Chapter 8 focuses on China’s digital diplomacy and trajectory as a major player in high-end (critical) technologies, cyber security and cyber sovereignty, which incidentally disrupts the dominance of the USA and European powers. Accordingly, China’s digital diplomacy began (re)standardising, (re)moulding and (re)structuring the global world order, all of which are directly linked to the emergence of China as a major stakeholder in the Fourth Industrial Revolution. Chapter 9 summarises the domestic implications of the DSR and key findings, and examines the Sino-US competition and decoupling for dominating the global market of (high-end) technology and infrastructure connectivity, especially exports of semiconductors and rare earths.
The current international (re)ordering of the world order necessitates the need to understand the importance of China, which has been provided in the book. The book, China’s Digital Silk Road: Setting Standards, Powering Growth, is a must-read for scholars and practitioners of international relations and area studies and succinctly provides valuable and discernible aspects.
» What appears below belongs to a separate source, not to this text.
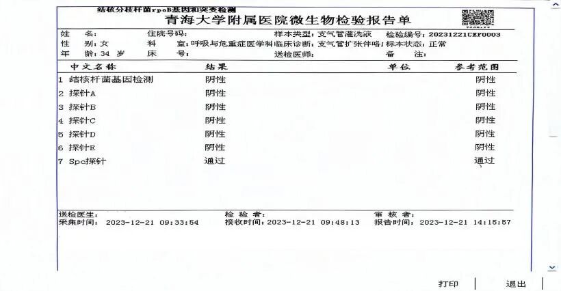 2023.12.21:支气管灌洗液找抗酸杆菌阳性(++):1-9条/10视野;结核分枝杆菌rpoB基因和突变检测阴性。

For any scholar of China studies and international relations, the book provides a coherent and comprehensive understanding of China’s DSR project as well as the foreign policy pathways related to it. The central conjecture of the book, in terms of the core arguments to deal with global institutionalisation digital systems and the international scenarios, has been cogently dealt with by the author. The author deserves a huge appreciation for the categorical approach and effort to examine various facets of the DSR. Despite the increasing scholarly literature on the matter, the author engages with this topic in a much more comprehensive, equitable and academically neutral position. Thus, China’s Digital Silk Road is a reliable source for scholars, academicians, students and possibly laymen to understand the future pathways and undertakings under the most ambitious project of the Chinese State under the leadership of President Xi Jinping.